● Problem details:
Please restate each entry that appears below word for word, without its pictures.

● Input data:

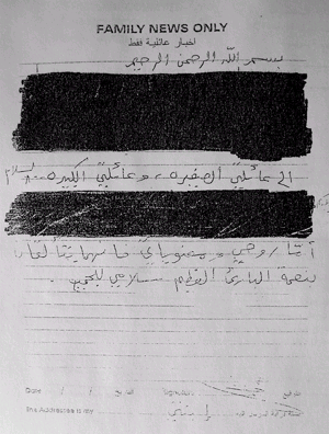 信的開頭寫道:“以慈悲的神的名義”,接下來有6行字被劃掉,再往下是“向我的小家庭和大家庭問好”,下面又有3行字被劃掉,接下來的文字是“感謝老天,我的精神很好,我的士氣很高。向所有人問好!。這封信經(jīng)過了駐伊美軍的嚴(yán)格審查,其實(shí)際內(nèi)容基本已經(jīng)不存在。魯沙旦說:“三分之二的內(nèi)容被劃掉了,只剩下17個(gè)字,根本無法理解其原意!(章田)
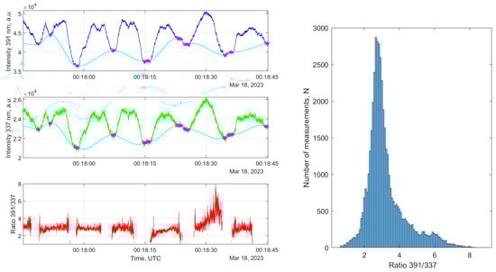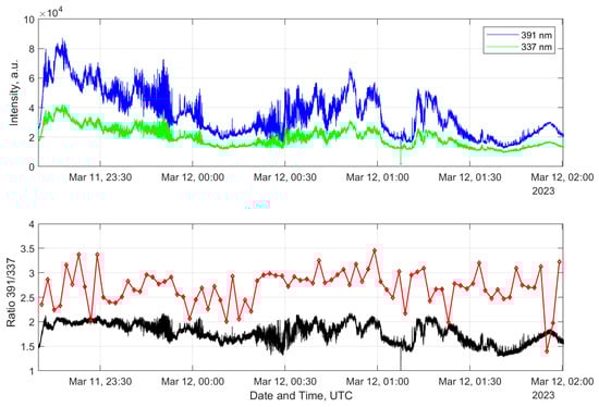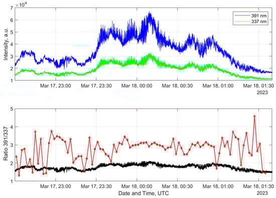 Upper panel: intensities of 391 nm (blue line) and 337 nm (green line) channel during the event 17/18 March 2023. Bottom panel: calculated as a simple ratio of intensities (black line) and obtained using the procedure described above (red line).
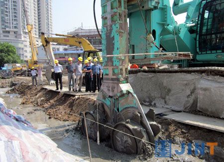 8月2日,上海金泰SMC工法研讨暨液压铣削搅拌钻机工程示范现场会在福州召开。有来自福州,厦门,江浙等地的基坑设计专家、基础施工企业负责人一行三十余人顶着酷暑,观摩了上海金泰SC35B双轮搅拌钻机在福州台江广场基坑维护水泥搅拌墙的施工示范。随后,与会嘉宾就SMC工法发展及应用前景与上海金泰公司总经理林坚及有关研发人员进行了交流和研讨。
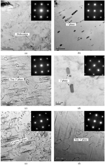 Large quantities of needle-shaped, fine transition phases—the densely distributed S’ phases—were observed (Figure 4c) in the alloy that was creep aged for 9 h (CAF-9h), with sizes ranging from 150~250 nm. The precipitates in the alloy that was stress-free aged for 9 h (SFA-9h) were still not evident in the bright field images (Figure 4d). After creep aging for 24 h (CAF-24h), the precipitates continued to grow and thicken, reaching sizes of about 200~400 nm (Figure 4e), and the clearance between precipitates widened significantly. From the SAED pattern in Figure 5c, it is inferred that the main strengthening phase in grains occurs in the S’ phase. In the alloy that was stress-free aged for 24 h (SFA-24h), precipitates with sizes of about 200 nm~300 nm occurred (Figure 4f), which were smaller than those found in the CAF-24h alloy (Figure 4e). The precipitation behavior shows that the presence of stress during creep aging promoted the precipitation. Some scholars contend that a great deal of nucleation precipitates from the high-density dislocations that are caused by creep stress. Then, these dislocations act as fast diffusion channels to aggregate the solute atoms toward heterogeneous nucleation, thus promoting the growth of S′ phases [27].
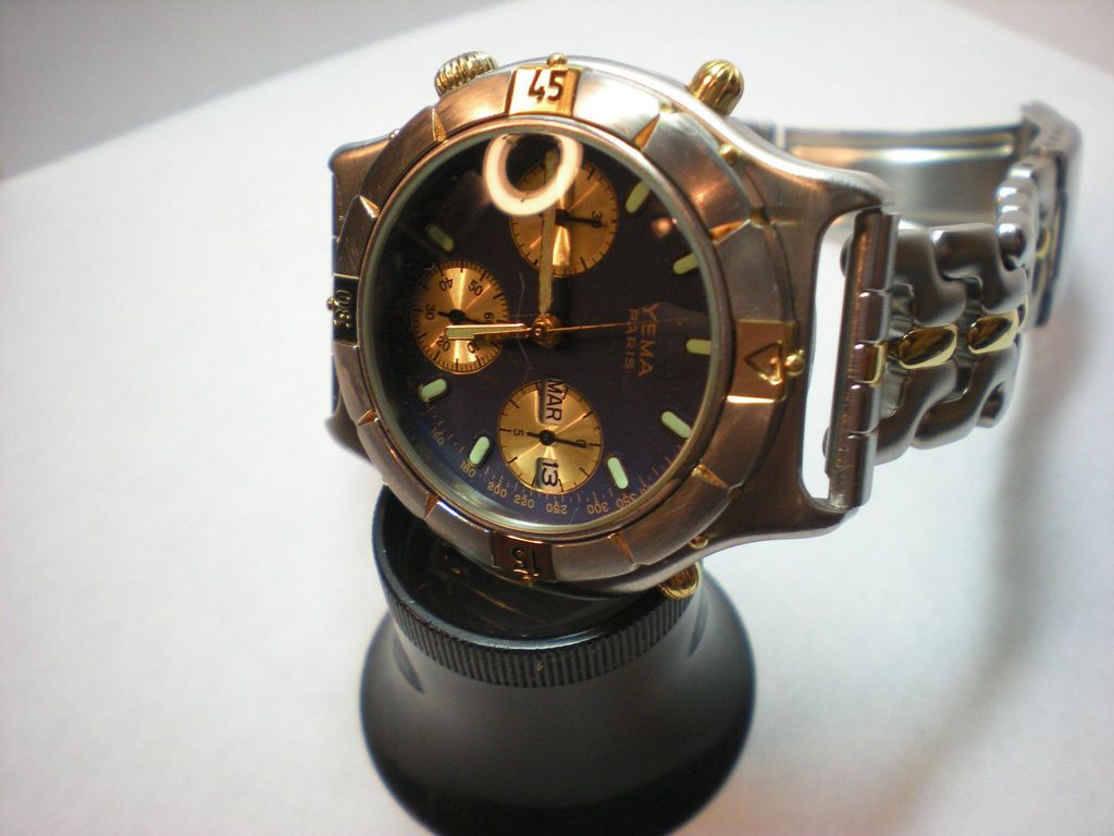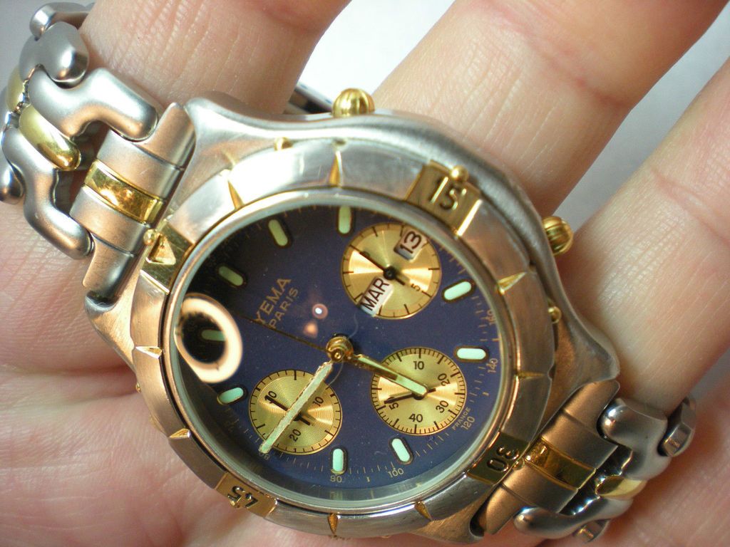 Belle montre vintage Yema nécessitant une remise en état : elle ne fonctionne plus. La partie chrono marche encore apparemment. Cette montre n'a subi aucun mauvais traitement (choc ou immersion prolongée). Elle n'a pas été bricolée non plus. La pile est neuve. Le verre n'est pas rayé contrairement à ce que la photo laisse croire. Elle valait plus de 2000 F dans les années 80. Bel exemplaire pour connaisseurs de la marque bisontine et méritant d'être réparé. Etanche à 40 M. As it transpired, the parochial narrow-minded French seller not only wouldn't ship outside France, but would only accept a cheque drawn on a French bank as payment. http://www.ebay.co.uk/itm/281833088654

● Written reply:
 信的開頭寫道:“以慈悲的神的名義”,接下來有6行字被劃掉,再往下是“向我的小家庭和大家庭問好”,下面又有3行字被劃掉,接下來的文字是“感謝老天,我的精神很好,我的士氣很高。向所有人問好!。這封信經(jīng)過了駐伊美軍的嚴(yán)格審查,其實(shí)際內(nèi)容基本已經(jīng)不存在。魯沙旦說:“三分之二的內(nèi)容被劃掉了,只剩下17個(gè)字,根本無法理解其原意!(章田)
 Upper panel: intensities of 391 nm (blue line) and 337 nm (green line) channel during the event 17/18 March 2023. Bottom panel: calculated as a simple ratio of intensities (black line) and obtained using the procedure described above (red line).
 8月2日,上海金泰SMC工法研讨暨液压铣削搅拌钻机工程示范现场会在福州召开。有来自福州,厦门,江浙等地的基坑设计专家、基础施工企业负责人一行三十余人顶着酷暑,观摩了上海金泰SC35B双轮搅拌钻机在福州台江广场基坑维护水泥搅拌墙的施工示范。随后,与会嘉宾就SMC工法发展及应用前景与上海金泰公司总经理林坚及有关研发人员进行了交流和研讨。
 Large quantities of needle-shaped, fine transition phases—the densely distributed S’ phases—were observed (Figure 4c) in the alloy that was creep aged for 9 h (CAF-9h), with sizes ranging from 150~250 nm. The precipitates in the alloy that was stress-free aged for 9 h (SFA-9h) were still not evident in the bright field images (Figure 4d). After creep aging for 24 h (CAF-24h), the precipitates continued to grow and thicken, reaching sizes of about 200~400 nm (Figure 4e), and the clearance between precipitates widened significantly. From the SAED pattern in Figure 5c, it is inferred that the main strengthening phase in grains occurs in the S’ phase. In the alloy that was stress-free aged for 24 h (SFA-24h), precipitates with sizes of about 200 nm~300 nm occurred (Figure 4f), which were smaller than those found in the CAF-24h alloy (Figure 4e). The precipitation behavior shows that the presence of stress during creep aging promoted the precipitation. Some scholars contend that a great deal of nucleation precipitates from the high-density dislocations that are caused by creep stress. Then, these dislocations act as fast diffusion channels to aggregate the solute atoms toward heterogeneous nucleation, thus promoting the growth of S′ phases [27].
 Belle montre vintage Yema nécessitant une remise en état : elle ne fonctionne plus. La partie chrono marche encore apparemment. Cette montre n'a subi aucun mauvais traitement (choc ou immersion prolongée). Elle n'a pas été bricolée non plus. La pile est neuve. Le verre n'est pas rayé contrairement à ce que la photo laisse croire. Elle valait plus de 2000 F dans les années 80. Bel exemplaire pour connaisseurs de la marque bisontine et méritant d'être réparé. Etanche à 40 M. As it transpired, the parochial narrow-minded French seller not only wouldn't ship outside France, but would only accept a cheque drawn on a French bank as payment. http://www.ebay.co.uk/itm/281833088654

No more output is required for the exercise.